Raving Track s’ouvre avec Distilled Thoughts. Tout de suite entêtant. Un air qui reste, les guitares qui surfent, la voix qui berce. Bercé, comme avec l’alcool, celui qui nous soulage, parfois, et qui désinhibe nos comportements, souvent. Car c’est ce dont il est question ici. La perte de contrôle du corps et de l’esprit, liée à ses quelques degrés qu’on avale, vite, vite.
Le second morceau, WithoutYou, nettement plus pop, réussit à nous surprendre, par son usage (raisonné) du vocodeur. Comme le nom l’évoque, c’est l’amour qui domine. Alors on le laisse rentrer chez soi, déposer ses affaires dans un tiroir et prendre place dans notre lit. Les guitares se mêlent aux synthétiseurs, pour ne former qu’un. Tel un couple.
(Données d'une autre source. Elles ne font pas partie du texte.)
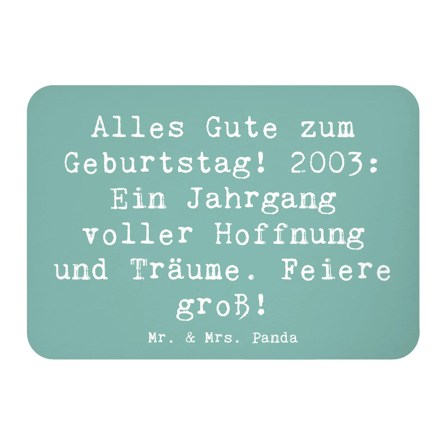 Suchst du das perfekte Geschenk für einen besonderen Menschen, der im Jahr 2003 das Licht der Welt erblickt hat? Dann ist unser Kühlschrankmagnet "Alles Gute zum Geburtstag! 2003: Ein Jahrgang voller Hoffnung und Träume. Feiere groß!" von Mr. & Mrs. Panda genau das Richtige für dich!
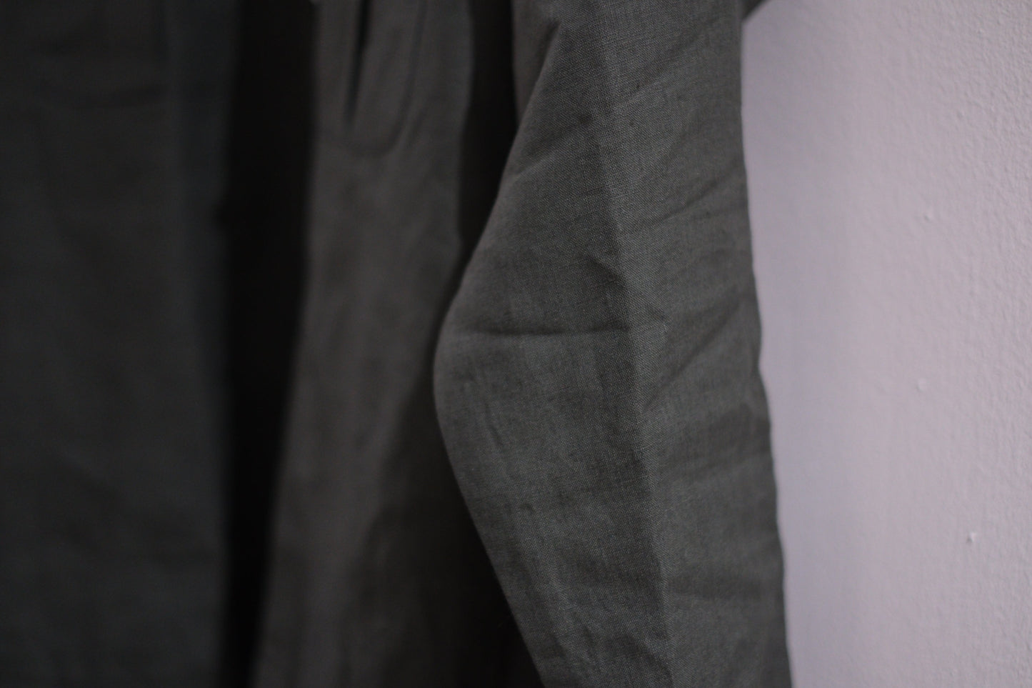 生地に関してはスペンスブライソンのアイリッシュリネンを使用しており、ヘビーウエイトに織り上げられたこの生地はジャケットやパンツに使用される様な地厚な生地になっています。
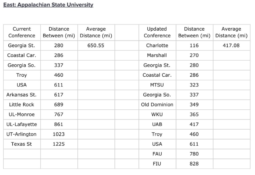 "Appalachian State’s average distance between current conference opponents is 650.55 miles. If the conferences realigned the average distance between its conference opponents would be reduced to 417.08 miles."
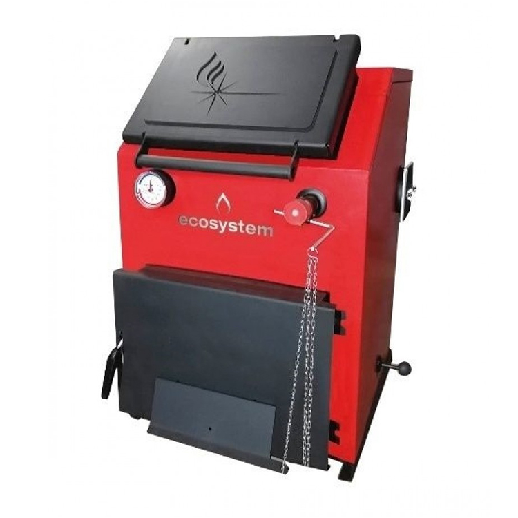 Особенности и преимущества: независимость котла от электричества, большой объем загрузочной камеры, сжигание любого вида твердого топлива, удобное расположение и большой размер загрузочной дверцы обеспечивает простоту загрузки топлива и чистки котла, установка механического регулятора тяги значительно увеличивает время горения топлива, водонаполненные колосники повышают КПД котла, встроенный термоманометр обеспечивает удобство контроля температуры теплоносителя в котле и давления в системе отопления, воздушные каналы в камере сгорания обеспечивают поступления кислорода в ее верхнюю часть для лучшего дожига топлива, чугунная подколосниковая гребенка облегчает шуружение прогоревшего топлива, защитная дверца нижнего люка выполнена из чугуна толщиной 15 мм, что надежно предостерегает от прогорания и выпадения угля, возможность установки микропроцессорного контроллера управления и вентилятора наддува дает возможность увеличить время горения и вместе с тем позволяет экономить топлива.
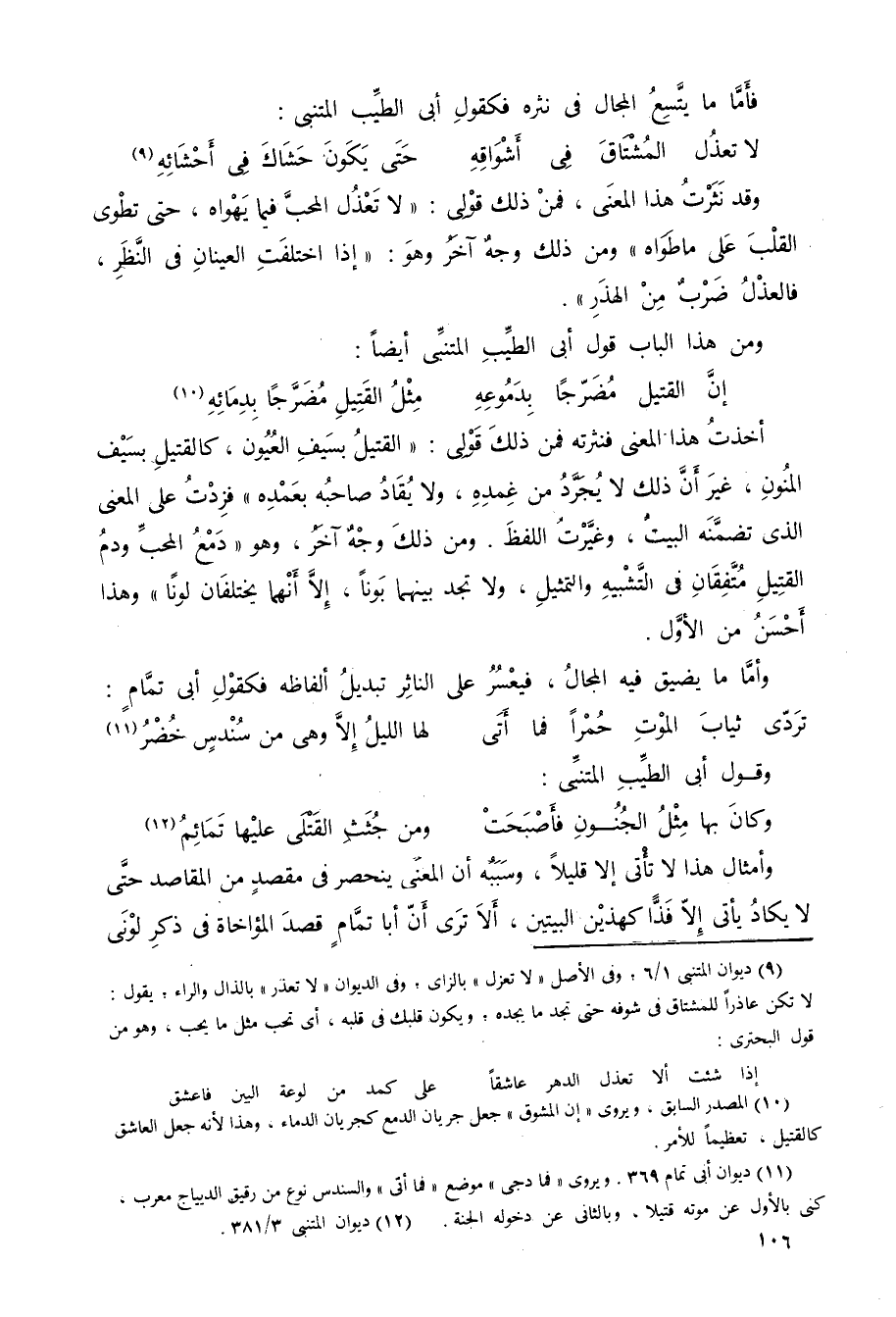 1 ديوان المتنبي 1/ 6، وفي الأصل "لا تعزل" بالزاي، وفي الديوان "لا تعذر" بالذال والراء، يقول: لا تكن عاذرًا للمشتاق في شوقه حتى تجد ما يجده، ويكون قلبك في قلبه، أي: تحب مثل ما يحب، وهو من قول البحتري:
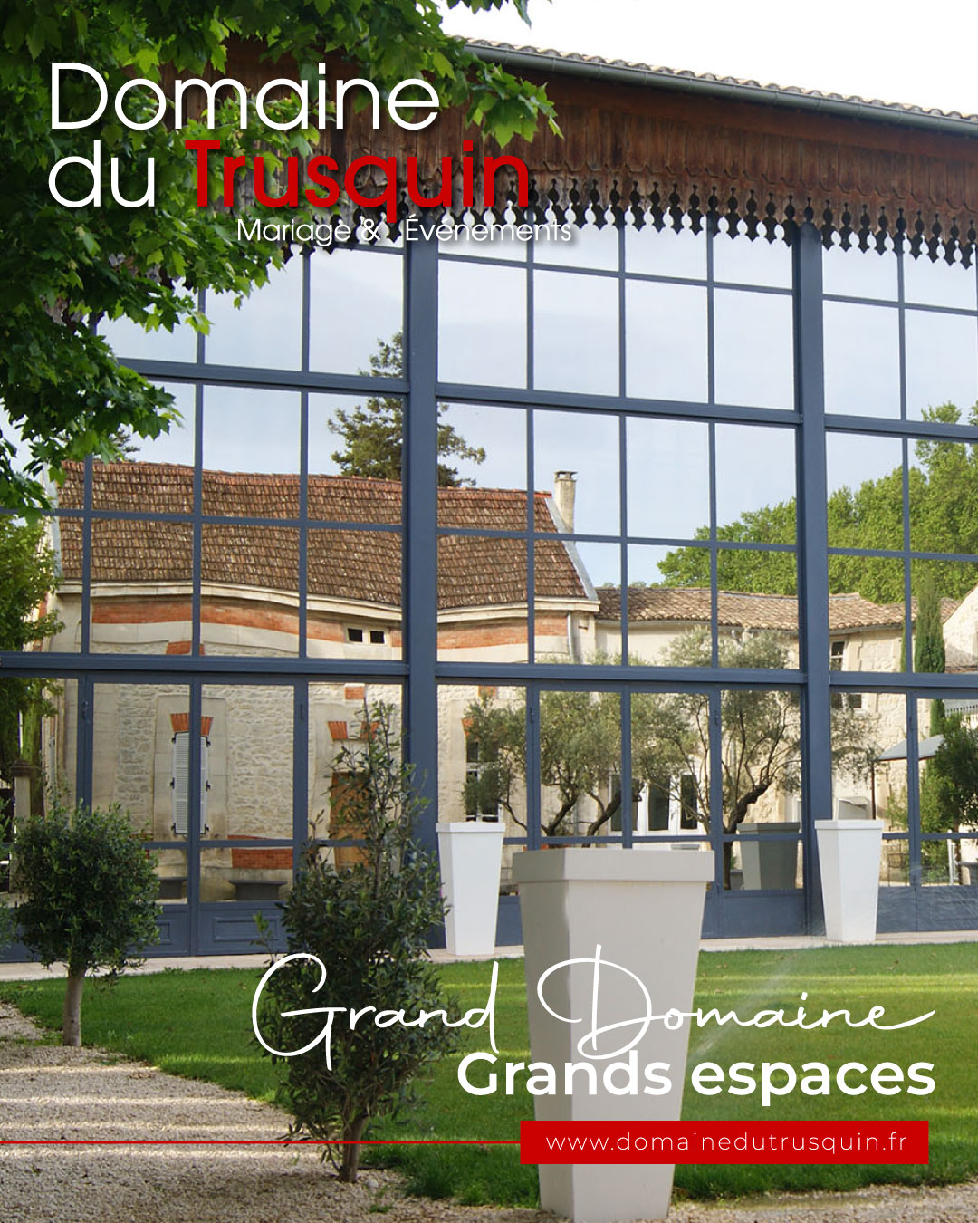 Futurs mariés 2026, trouvez la salle de réception de grande capacité qu’il vous faut pour votre union. Le Domaine du Trusquin, c’est un domaine entier de mariage avec de multiples services sur place vous permettant de vivre un moment exceptionnel avec tous vos invités. Notre domaine de mariage est situé
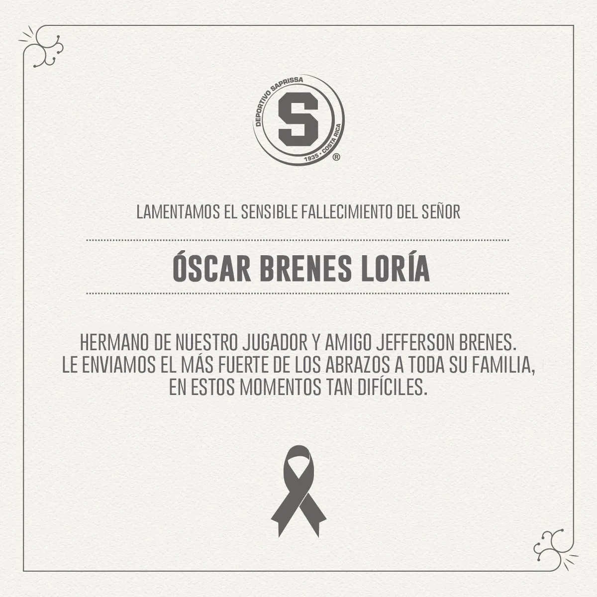 Saprissa, por su parte, le envió las respectivas condolencias al jugador y a toda su familia en este complicado presente: “Le enviamos el más fuerte de los abrazos a toda su familia en estos momentos tan difíciles”.
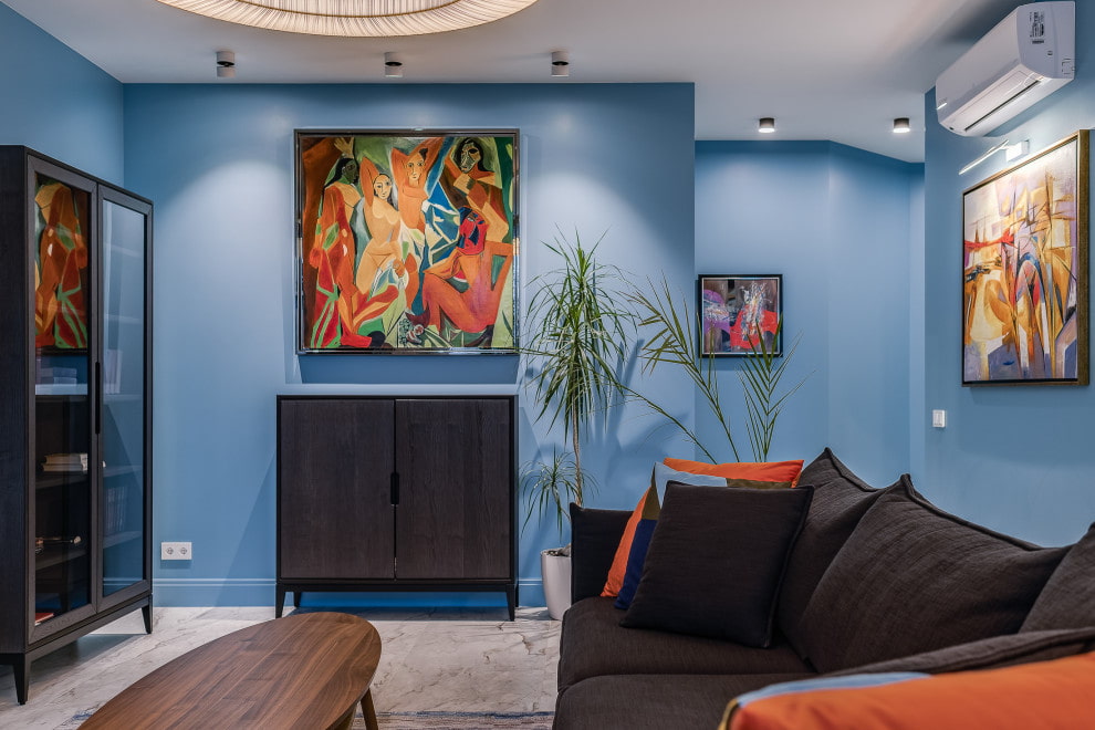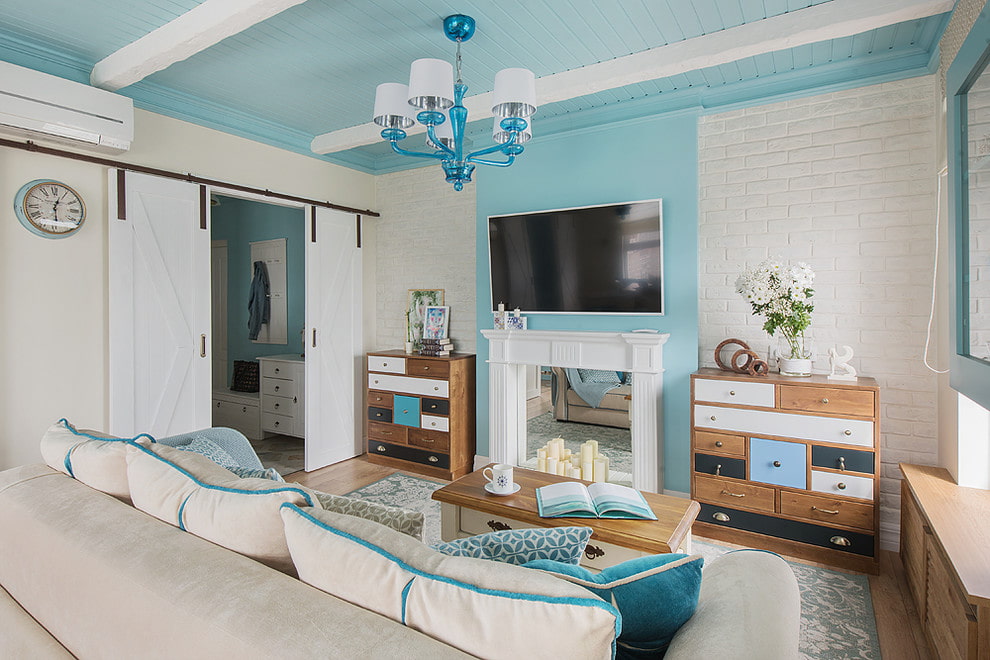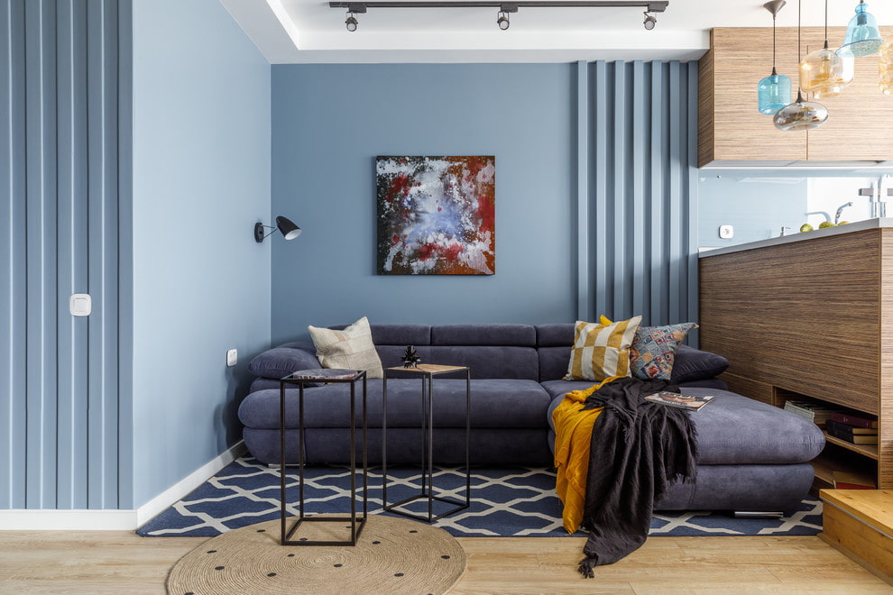 To create a warm and sunny atmosphere, it is appropriate to dilute the main azure blue color with yellow. Very profitable is the pink-blue tandem, which is associated with the crimson glow of the sunset against the background of a bright blue sky. This combination gives the living room additional contrast and at the same time gives lightness and tenderness.

Les morceaux s’enchaînent, d’Oblique Projection et ses synthés magiques à l’enveloppante Whale, purement instrumental. Des préoccupations écologiques aux pensées qui résonnent profondément au creux de nous. Se sentir abandonné, se sentir aimé, notre place dans ce monde.
Luje met l’humain au centre de ses morceaux et se questionne sur ses choix de vie, sur la planète, sur l’individualisme. Les chansons s’interrogent et se répondent entre elles. A l’image d’In the Plains, Under the Halo, qui rappelle Distilled Thoughts, bien qu’il soit ici question de la solitude et de l’anxiété engendrées par les différents confinements. Mais les musiciens comptent bien faire oublier ces sentiments, car dans cet album, il est avant tout question de lumière. Qu’elle soit rasante l’hiver, écrasante l’été, dorée au printemps.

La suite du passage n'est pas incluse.